Literature

A Short Analysis of Wallace Stevens’s ‘Anecdote of the Jar’

By Dr Oliver Tearle

How can one even attempt to offer an analysis of ‘Anecdote of the Jar’, one of the most baffling and elusive short poems of the twentieth century? Wallace Stevens (1879-1955) wrote ‘Anecdote of the Jar’ in 1918 and it was published a year later; this apparently makes it in the public domain, so we have cited the poem below. What is the meaning of Stevens’s poem? Difficult poems call for at least a stab at trying to unpick their ambiguities and determine their meaning, and we think ‘Anecdote of the Jar’ no different. So let’s roll our sleeves up and attempt a little analysis of this – one of Wallace Stevens’s best-known poems.

Anecdote of the Jar

I placed a jar in Tennessee,
And round it was, upon a hill.
It made the slovenly wilderness
Surround that hill.

The wilderness rose up to it,
And sprawled around, no longer wild.
The jar was round upon the ground
And tall and of a port in air.

It took dominion everywhere.
The jar was gray and bare.
It did not give of bird or bush,
Like nothing else in Tennessee.

To offer a summary of ‘Anecdote of the Jar’ is, on the face of it, not much help in analysing its meaning. What actually happens in the poem remains odd and baffling: the speaker tells us that he placed a jar on a hill in Tennessee, and the wilderness of the surrounding land seemed to grow up around the jar, until it was no longer wild. The jar is described as tall and impressive as it stands on the hill. The jar takes over everything, despite being grey and bare (and presumably empty). It does not seem to care for the nature around it, and is like nothing else in the whole of Tennessee.

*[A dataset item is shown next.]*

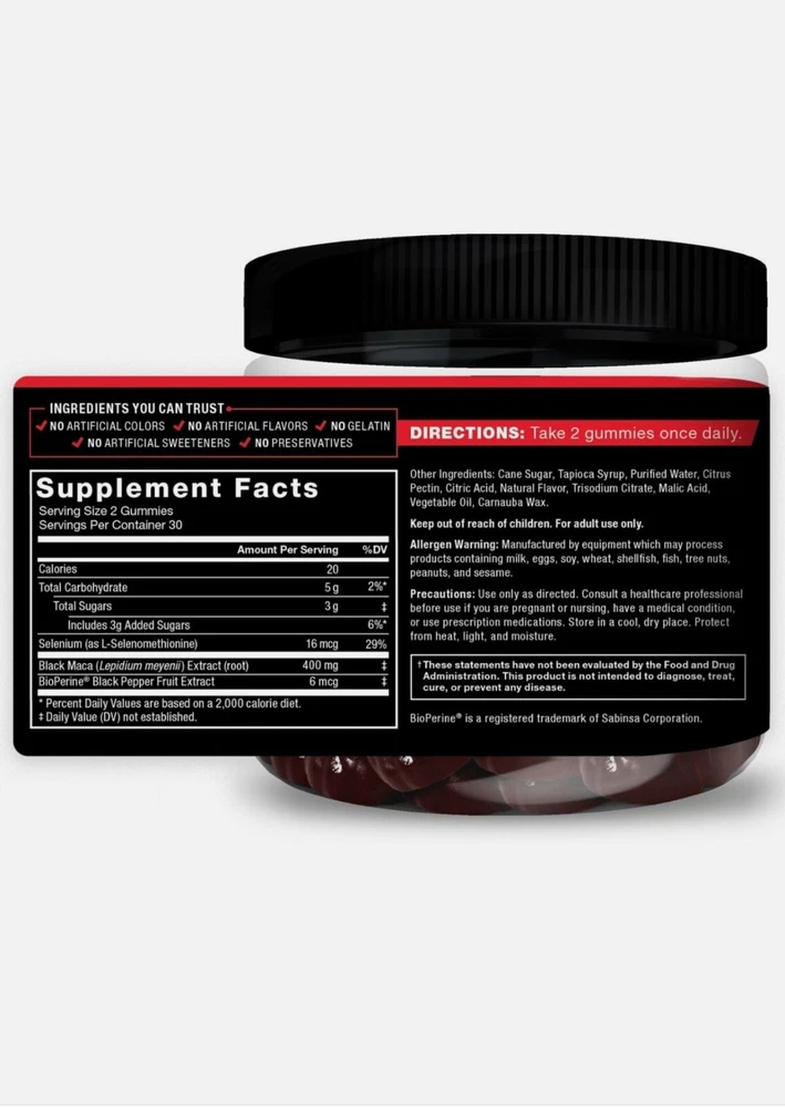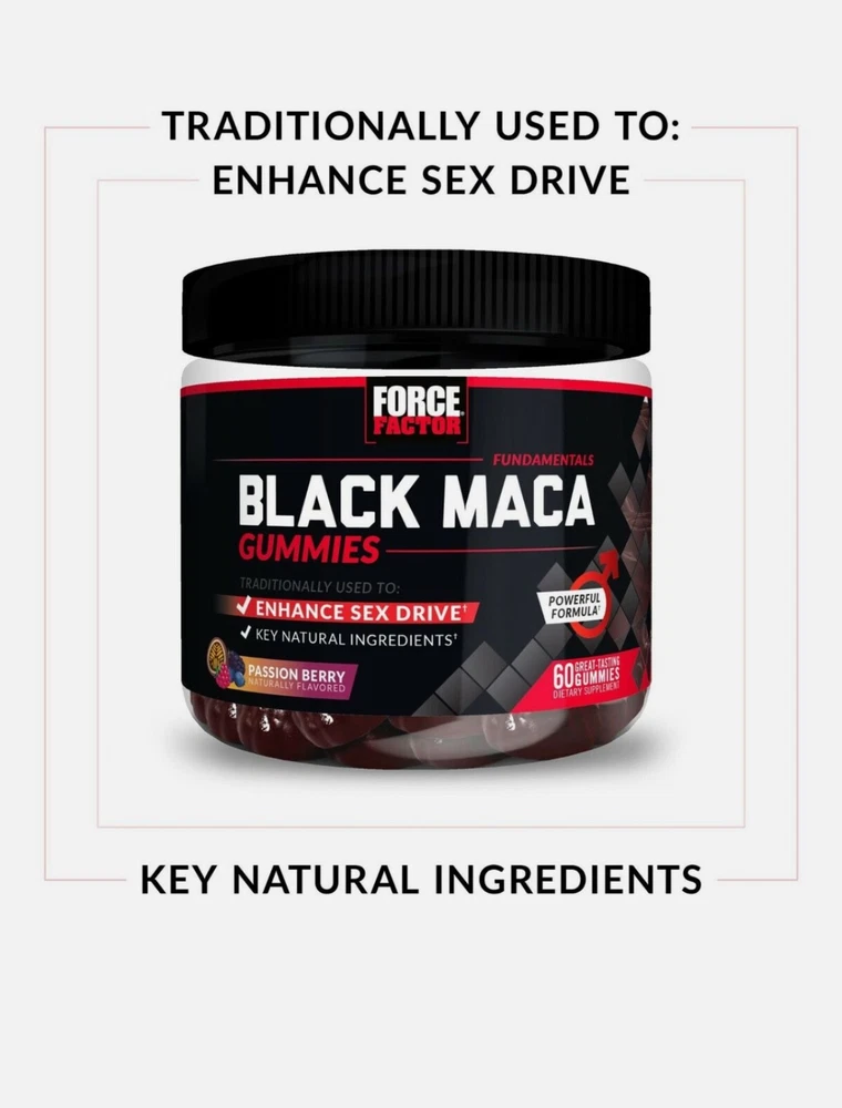 Gummies Black Maca Root For Vitality In Men Women Natural Energy Booster ANCIENT INCAN SECRET: Black maca, or maca negra, is endemic to Central Peru. Incan warriors are said to have consumed the root of this plant (Lepidium meyenii) to increase energy and strength, and today it is most often used to enhance vitality. POWERFUL DAILY DOSE: This formula contains 400mg of black maca root extract, along with BioPerine and selenium. AMAZING TASTE: Most black maca supplements are capsules, tablets, or powders. These gummies are not only easy to consume, but they are a delicious addition to your daily vitamin regimen, helping you avoid pill fatigue. FUNDAMENTAL STACKING: All of the Force Factor Fundamentals formulas were designed to stack together, as well as with any other supplement in our full line of premium performance nutrition products. MADE IN USA: Force Factor vitamins and supplements are expertly formulated with premium, globally sourced ingredients that are carefully tested for quality and potency. They are produced in GMP-certified facilities right here in the USA. Unit Count 60 Count Style Gummies Number of Items 1 Product Benefits Energy Management Special Ingredients Black Maca Age Range (Description) Adult Diet Type Vegetarian Package Information Tub Flavor Passion Berry Item Form Gummy Size 60 Count (Pack of 1)

What is this enigmatic little poem about? Let’s start with the title. This is presented to us as an ‘Anecdote of the Jar’: not an ode to a jar, or even a song (indeed, several critics of the poem, such as Helen Vendler and Pat Righelato, have interpreted ‘Anecdote of the Jar’ as a tacit response to Keats’s ‘Ode on a Grecian Urn’ – a sort of American poet’s Anecdote of the Jarresponse to the European poetic tradition). An anecdote is light and amusing, often inconsequential. Should we not take this bizarre poem too seriously?

The poem contains a number of particularly inscrutable lines. The jar, we are told, ‘did not give of bird or bush’. Does this simply mean the jar did not care – being an inanimate object – for the living world of nature that surrounds it? Or that the jar brings nothing forward, contributes nothing to the natural world, unlike the bird and the bush? Should we keep in mind the proverb ‘a bird in the hand is worth two in the bush’ here? Is this a poem about convenience?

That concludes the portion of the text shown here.